Interactive websites are often plagued by spam. I will share some of my personal experiences in spam processing:
To deal with spam, you must analyze the characteristics of spam.
1. Spam on the content usually carries an external link with a fixed domain name, QQ number, mobile phone number, or duplicate content;
2. The frequency of posting may be that a user or an IP address can post multiple posts within a short period of time;
3. In terms of methods, a higher level of spam may use a sender, may use different IP addresses, and attach the attacker to crack the verification code.Program.
With features, let's take a look at how to deal with spam.
1. The most common anti-spam method is the verification code.
Currently, most websites use verification codes for anti-spam.

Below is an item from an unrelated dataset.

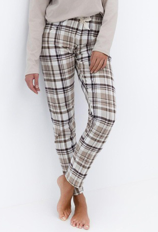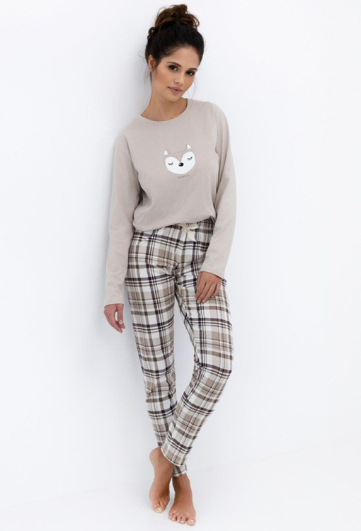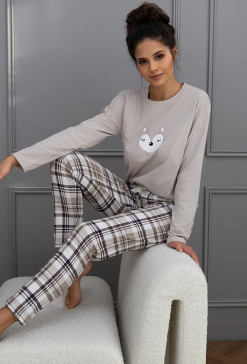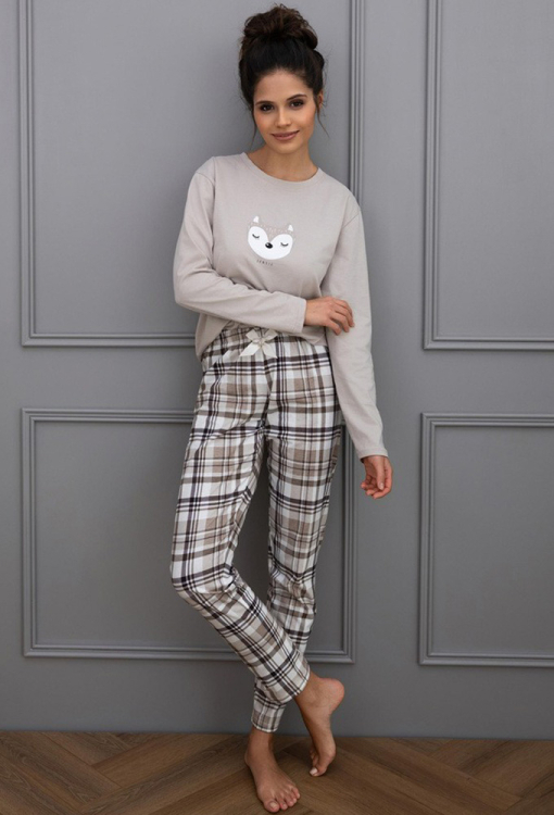 Стильна жіноча піжама Tinsley від польського бренду Sensis. Піжама виконана з якісної та м'якої бавовни сірого кольору, складається з однотонної кофти прямого силуету та штанів у коричневий картатий принт. Кофта з довгими рукавами та акуратним круглим вирізом, спереду прикрашена принтом у вигляді милого звірка – ідеальний варіант для затишних домашніх моментів. Штани прямого крою, з м'якою гумкою в поясі та витонченим атласним бантиком на талії, що надає образу делікатної жіночності. Піжама не тільки приваблива і неймовірно комфортна - вона легко стає улюбленим домашнім комплектом та відмінним подарунком для коханої чи близької людини.

Verification codes can prevent some machines from posting messages and increase the cost of manual spam. There are good or bad verification codes. Good verification codes are not easy to crack, or the cracking rate is very low. Good verification codes are usually not easy to recognize by machines but easy to recognize, usually there will be distortion or overlapping characters; on the contrary, a poor verification code is easily recognized by machines and not easily recognized by people, such as a verification code that only has noise but has not been distorted.
For example, the Yahoo verification code in is a good verification code, which is fully distorted. The distortion angle of each character is different, and there is a adhesion between each character.
For example, the following is a bad verification code, which only produces noise. No other processing is performed for each character. The cracking program can easily obtain the correct result by analyzing the noise.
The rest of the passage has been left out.